• Requirement:
What is needed is the full listing written out exactly, minus the pictures.

• Available data:

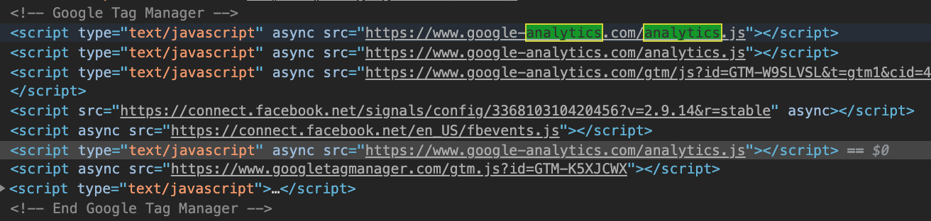 当我检查我的页面源代码时,我在Google代码块中看到多个analytics.js实例,请参见:
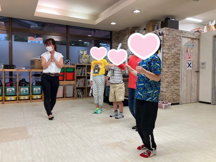 そのあとは、先生のリズムに合わせて、上手に太鼓でご挨拶!!
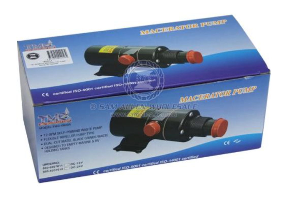 | • Designed to empty marine and RV holding tanks. This pump macerates and discharges grey water and waste mixtures. • Self priming up to 1.5 metres. • Flexible impeller pump type. • Dual-cut metal blade grinds waste. • Port Size: Inlet: 1-1/2 inch Outlet 1 inch. • Delivery head 5m (16ft). • CE Certified ISO-9001 and ISO-14001. |
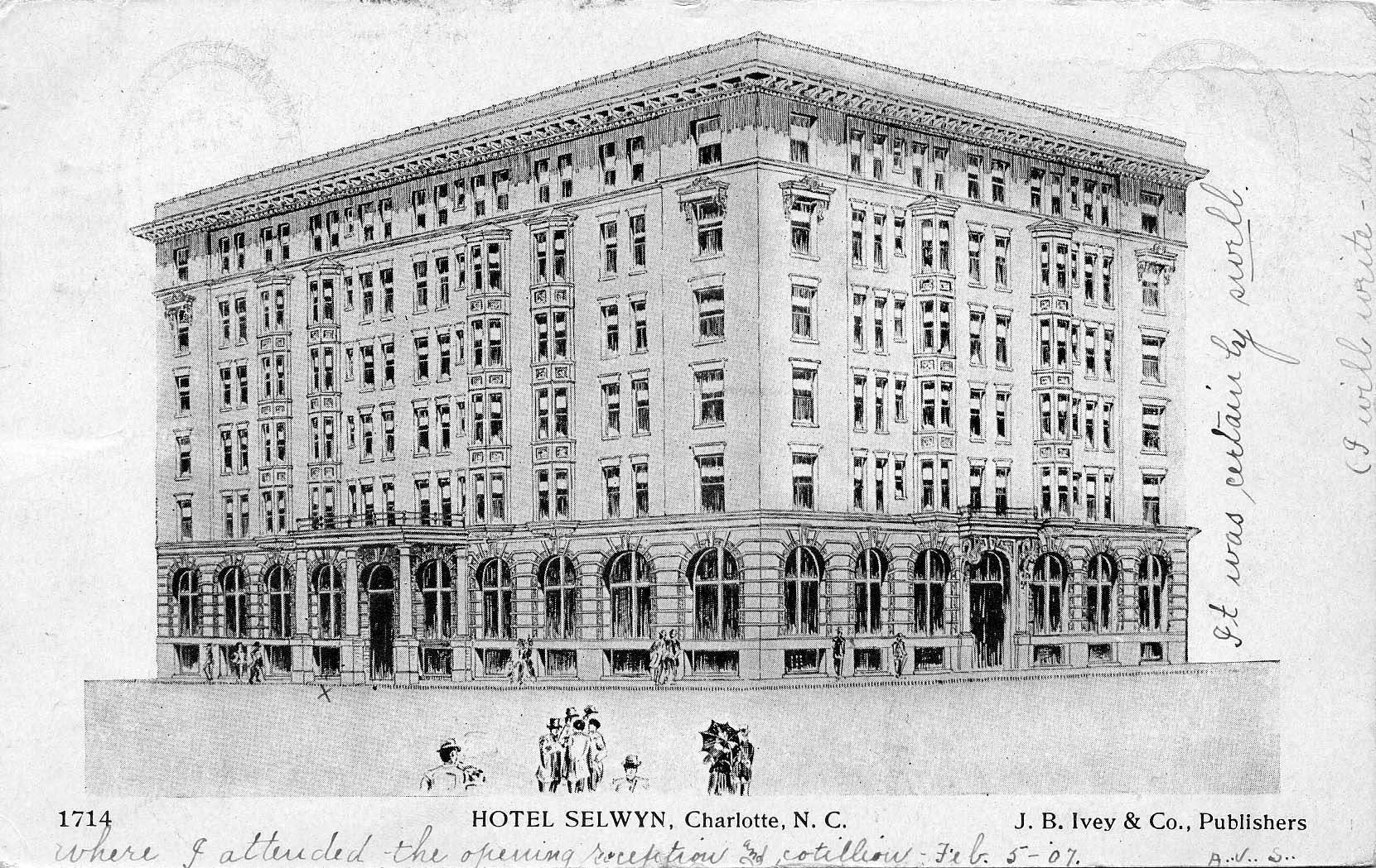 The Selwyn Hotel was located on West TradedStreet. It opened in 1907. Physical Description: 3x5 black and white Publisher: Ivey, J.B. & Company Publishers

• Result of this exercise:
 当我检查我的页面源代码时,我在Google代码块中看到多个analytics.js实例,请参见:
 そのあとは、先生のリズムに合わせて、上手に太鼓でご挨拶!!
 | • Designed to empty marine and RV holding tanks. This pump macerates and discharges grey water and waste mixtures. • Self priming up to 1.5 metres. • Flexible impeller pump type. • Dual-cut metal blade grinds waste. • Port Size: Inlet: 1-1/2 inch Outlet 1 inch. • Delivery head 5m (16ft). • CE Certified ISO-9001 and ISO-14001. |
 The Selwyn Hotel was located on West TradedStreet. It opened in 1907. Physical Description: 3x5 black and white Publisher: Ivey, J.B. & Company Publishers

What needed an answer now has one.